The input
------------------------
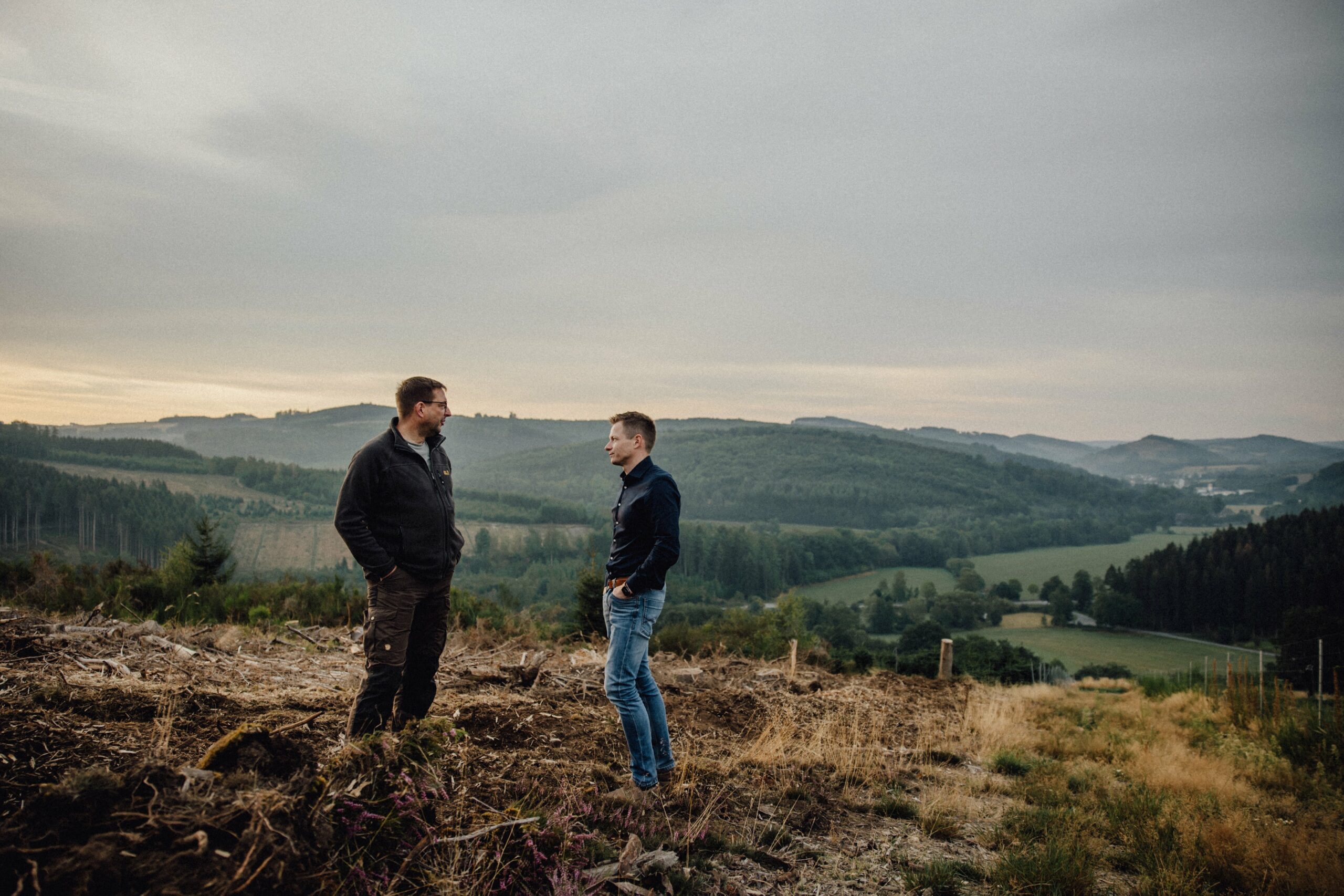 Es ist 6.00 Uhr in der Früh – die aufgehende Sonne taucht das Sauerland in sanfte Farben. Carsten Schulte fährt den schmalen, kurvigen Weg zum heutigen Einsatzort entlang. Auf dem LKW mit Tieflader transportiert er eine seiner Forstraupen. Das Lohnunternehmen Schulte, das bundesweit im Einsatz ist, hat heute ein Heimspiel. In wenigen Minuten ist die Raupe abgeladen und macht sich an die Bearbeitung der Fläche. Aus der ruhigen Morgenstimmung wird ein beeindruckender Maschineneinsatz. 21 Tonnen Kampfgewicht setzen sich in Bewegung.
------------------------
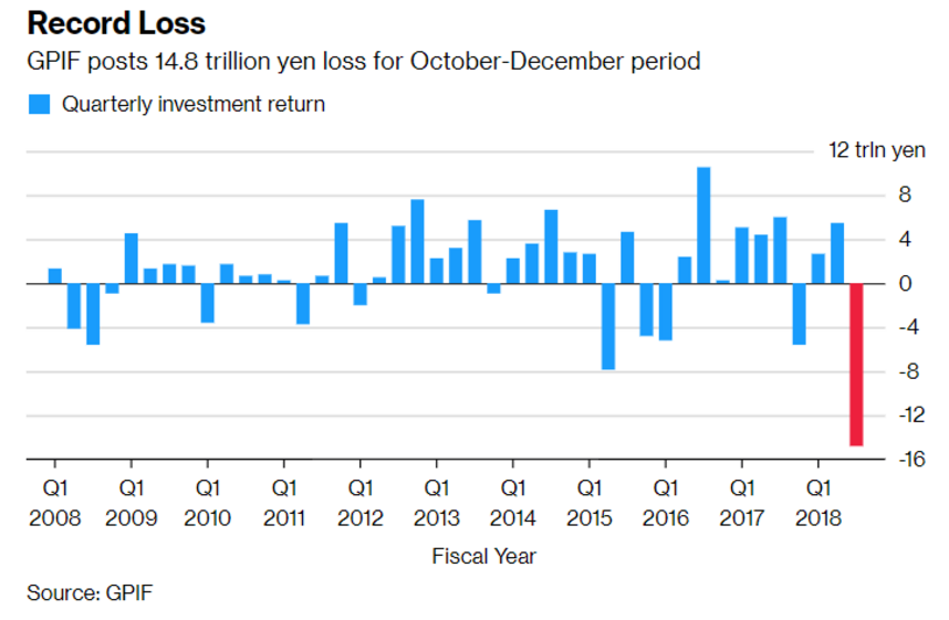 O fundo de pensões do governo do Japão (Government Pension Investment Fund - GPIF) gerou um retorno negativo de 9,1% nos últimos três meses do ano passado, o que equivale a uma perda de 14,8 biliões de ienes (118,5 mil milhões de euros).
------------------------
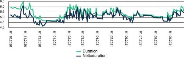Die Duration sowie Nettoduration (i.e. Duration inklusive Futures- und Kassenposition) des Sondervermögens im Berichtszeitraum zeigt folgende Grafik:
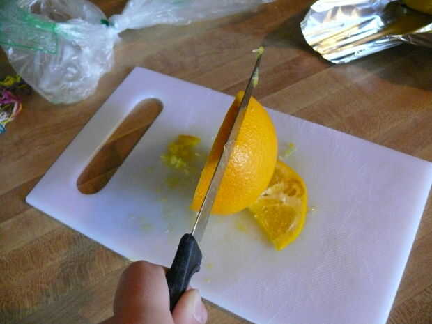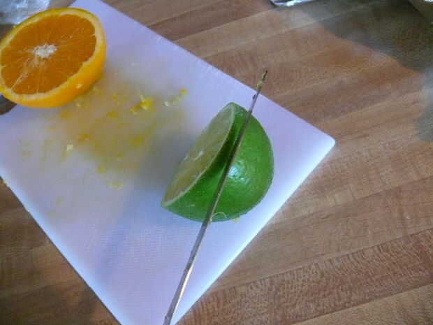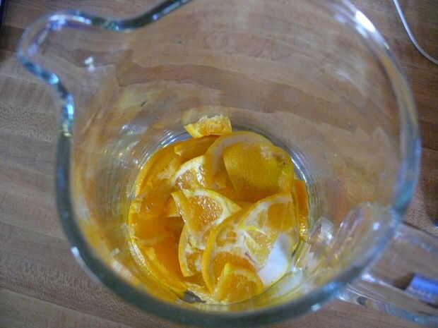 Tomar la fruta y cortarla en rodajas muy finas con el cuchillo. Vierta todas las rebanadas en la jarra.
------------------------
Task description
Give again, exactly as written above, each line from the one that has "Die Duration sowie" to the one that has "Tomar la fruta", both included; omit the pictures.

Solved exercise
Die Duration sowie Nettoduration (i.e. Duration inklusive Futures- und Kassenposition) des Sondervermögens im Berichtszeitraum zeigt folgende Grafik:
 Tomar la fruta y cortarla en rodajas muy finas con el cuchillo. Vierta todas las rebanadas en la jarra.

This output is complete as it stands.